Since the Dustin's View article was published a few years ago, many folks have contacted us to share their thoughts and pose questions. Below is a recent response to a person who is struggling to find their own ethics around diet choices.

"Thanks for reaching out and asking questions and thanks for even considering what you put in your body and the implications it has for others in this world...most don't do that at all.

I wish I could take the time to address all of your questions but 1. I am building a community commercial kitchen and community space on our farm here in Minnesota and we plan to shelter in it for the cold winter coming soon and I am not done. 2. I do not have all of the answers you seek.

I do however have a question for you. Are you sure about some of the assumptions you make in the forming of your questions? You are looking for THE answer to what is the most sustainable diet for people. As in most things permaculture, the answer is...it depends upon bioregions, climate, culture, etc. Nobody asked these food questions before there were 8 billion of us mostly living in cities, people just ate what was appropriate to them.

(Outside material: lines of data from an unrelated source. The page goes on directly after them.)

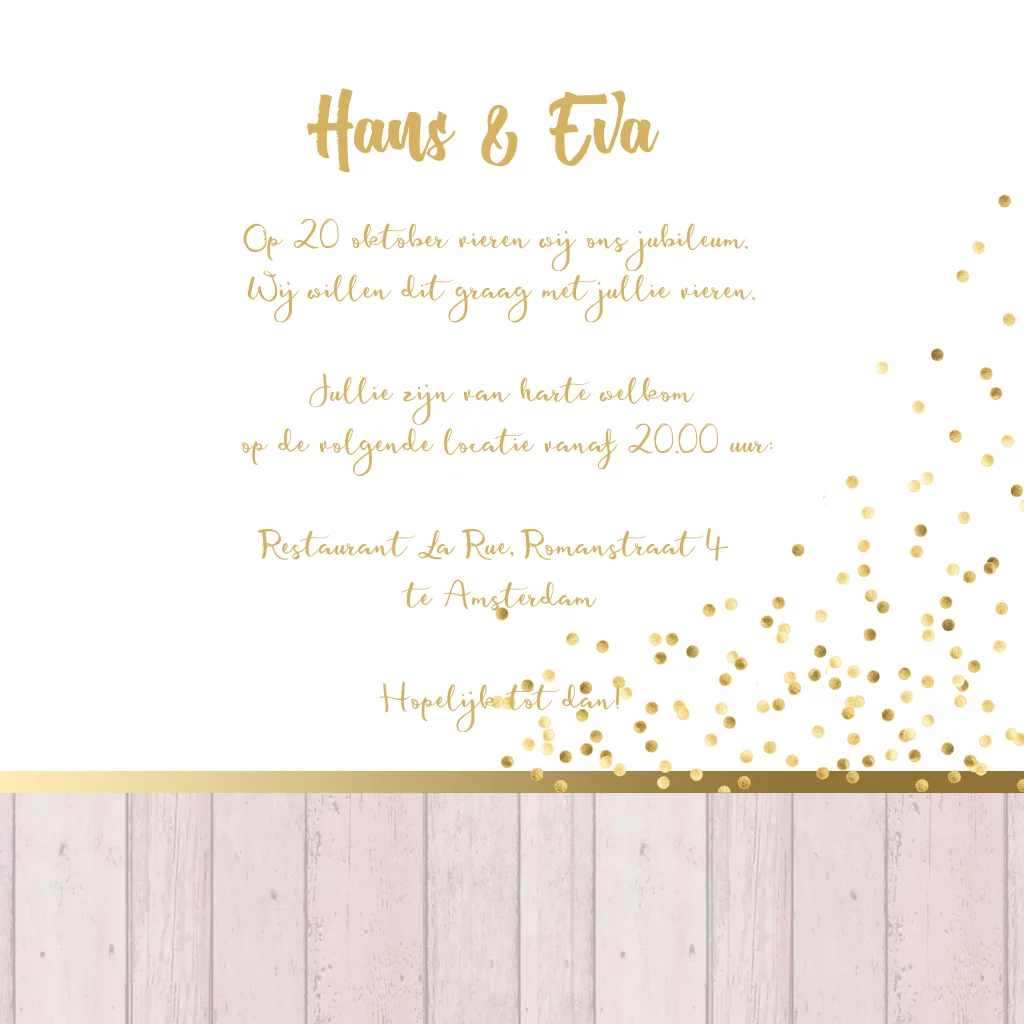 Uitnodiging 40 jaar getrouwd jubileumfeest met prachtige bloemen en goud gekleurde confetti met houten latjes. (5517)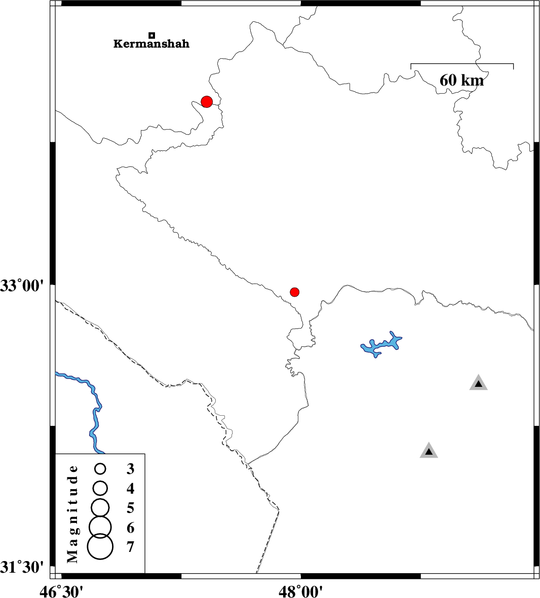 | 2013/10/23 | 13:52:57.9 | 17:22:57.9 | 33.96 | 47.41 | 14 | ML3.3 | Kermanshah Province, 38 km South-West of Harsin |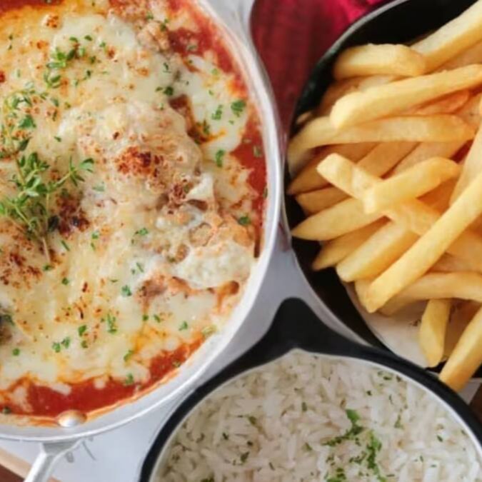 Frango empanado, queijo muçarela gratinado, acompanhado de arroz branco e batata-frita
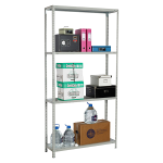 - Каркас выполнен из металлических стоек с угловым профилем сложного сечения 30×30 мм, что повышает жёсткость и устойчивость конструкции. Полки имеют боковое ребро жёсткости высотой 33 мм, выдерживают до 100 кг каждая.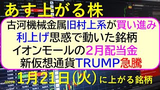 あす上がる株 2025年1月21日(火)に上がる銘柄。旧村上系が古河機械金属買い進み。利上げ思惑で動いた銘柄。仮想通貨TRUMP。イオンモール配当金~最新の日本株情報。高配当株の株価やデイトレ情報~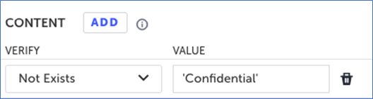 In the Value field, enter the string that you want to validate its existence or non-existence.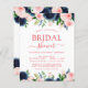 Budget Navy Blue, White and Blush Pink Modern and Elegant Floral Watercolor Spring Wedding Bridal Shower Invitations - includes beautiful and elegant script typography with modern botanical flowers and greenery for the special Bride to Be celebration.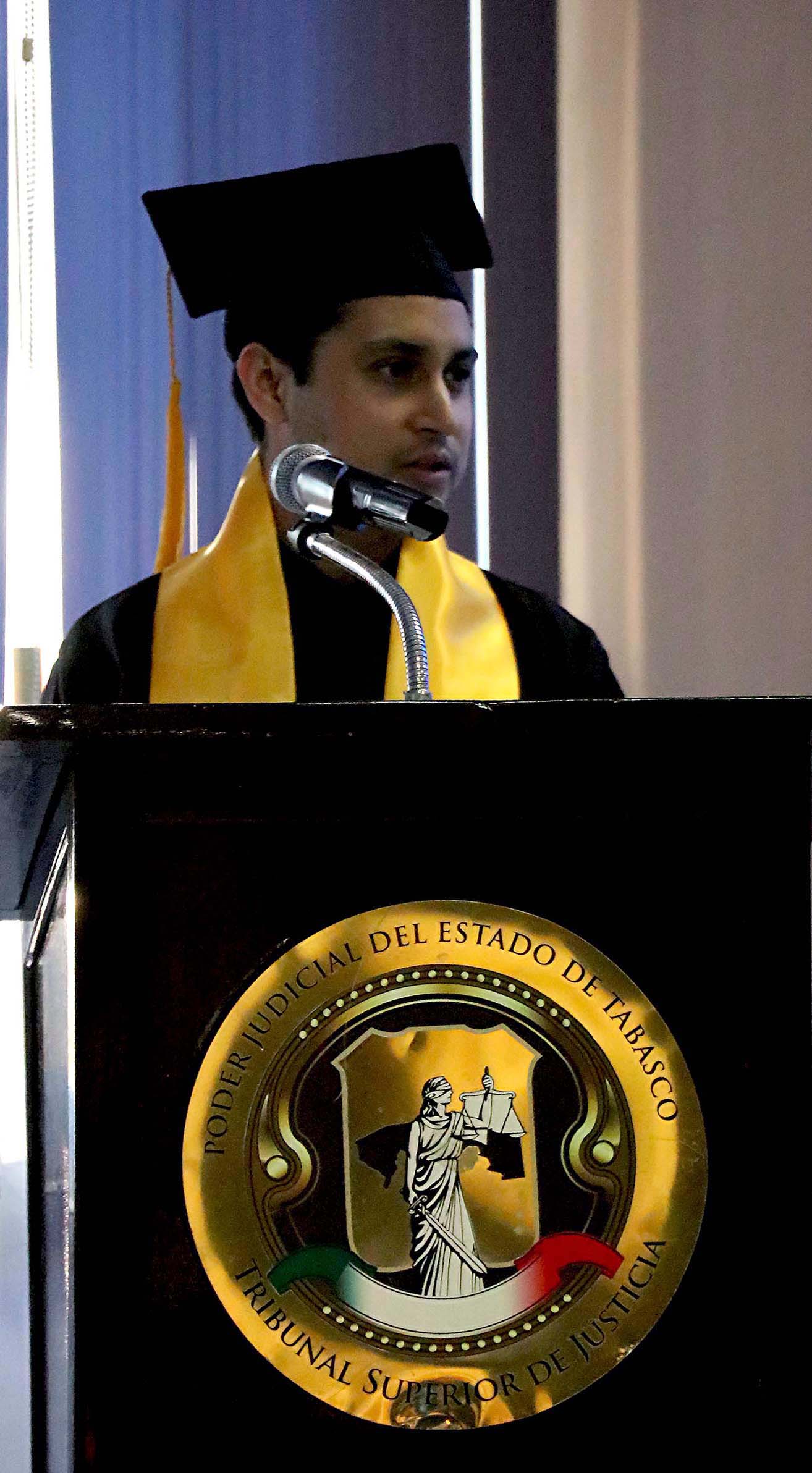 A nombre de los egresados, Aarón Richarte García, el cual se graduó como doctor en Derecho Judicial, resaltó que la institución abriera esta especialidad para lograr una sólida formación disciplinaria con alto sentido crítico, así como continuar la capacitación en la investigación.

Another is, are you sure there IS a diet that could be sustainable for 8 billion humans to be eating. If there were, would it be a good idea in the long run to feed all those humans? You know what happens when humans, like any other animal, has lots of food? They breed. I also noticed you focused on death when posing these questions on meat consumption. I focus on overall cumulative suffering. I can and do shoot cows in the head and eat them. I love cows, grew up with them and some I get very fond of. They can digest cellulose/grass, I cannot. Grass is what wants to grow where I live and many other places in the world. It is a perennial, requires no fertilizer or pesticides, stops erosion, builds topsoil and sequesters carbon and every native species in my ecosystem evolved to be in and around it. No annual plant I could grow can come close to that many benefits and most of the annuals have unintended consequences, causing primary suffering of habitat loss, but also erosion, carbon oxidation, etc.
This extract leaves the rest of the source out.